Exercise objective: As an exercise in exact copying, transcribe the lines below from the one holding "Tripolo es un" through the last, with both ends included and pictures left out.

Available data:
-*-*-

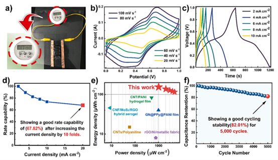 總結:該圖完成了從材料到器件的性能評估閉環。它不僅證明了組裝的超級電容器能夠正常工作(驅動電子表),更重要的是通過一系列標準化的電化學測試和與前沿研究的橫向對比,定量地證明了該器件在面電容、能量/功率密度、倍率性能和循環壽命等關鍵指標上具備優異的綜合性能,為其在柔性可穿戴電子領域的應用前景提供了扎實的數據支撐。
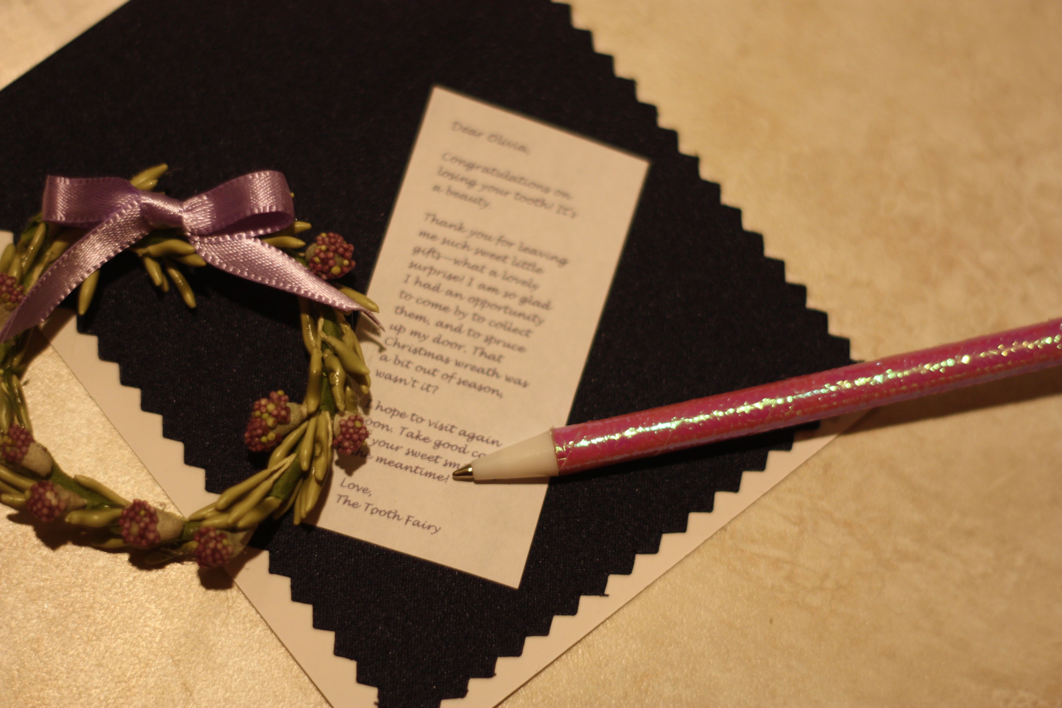 Olivia’s had a few loose teeth for quite a bit now, but one in particular has been the focus of late. Every day she’d mention it, asking if she could “slam it out.” Despite her tries, linking the tooth and the doorknob with a thin piece of floss did little to coax it out of it’s place. Last week, though, Bryan helped her twist it out, and the Tooth Fairy visited for the first time in quite a long while. She brought with her a tiny little note, a new wreath for her door, a stack of coins and a sprinkle of purple fairy dust.
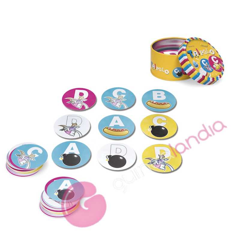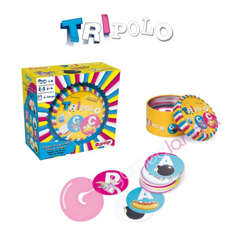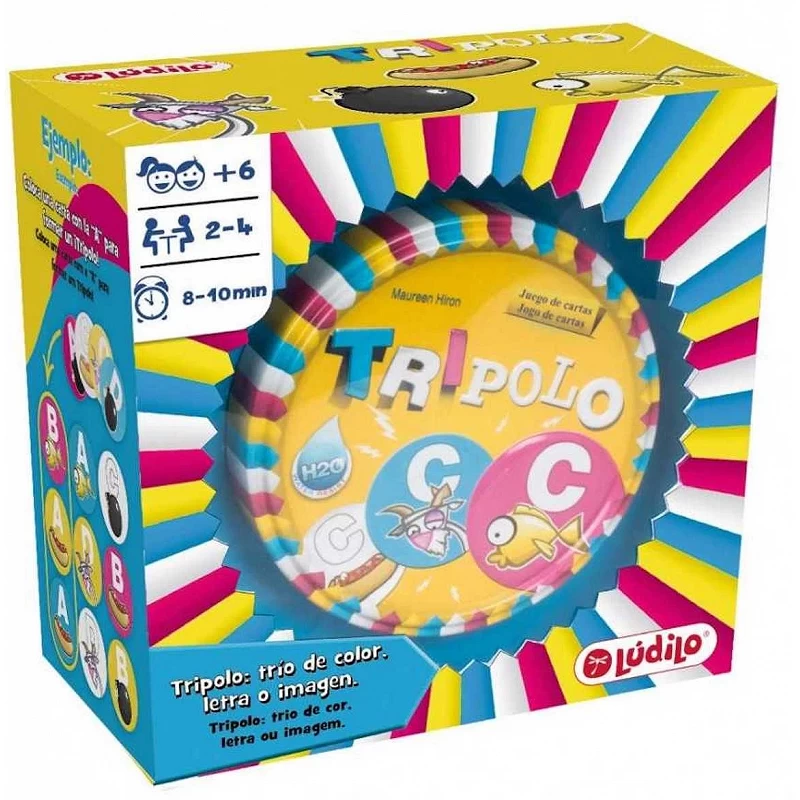 Tripolo es un emocionante juego de lógica y velocidad que pone a prueba tu capacidad de observación. Busca dos cartas en línea con la misma característica (color, letra o imagen) y completa un “Tripolo” colocando una de tus cartas. Forma tres en raya horizontal, vertical o diagonal para ganar.
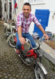 Trödeltrupp Spezial 38Trödelprofi Otto Schulte mit Ramona und einer ZündappBild: © RTL II

-*-*-

Expected output:
 Tripolo es un emocionante juego de lógica y velocidad que pone a prueba tu capacidad de observación. Busca dos cartas en línea con la misma característica (color, letra o imagen) y completa un “Tripolo” colocando una de tus cartas. Forma tres en raya horizontal, vertical o diagonal para ganar.
 Trödeltrupp Spezial 38Trödelprofi Otto Schulte mit Ramona und einer ZündappBild: © RTL II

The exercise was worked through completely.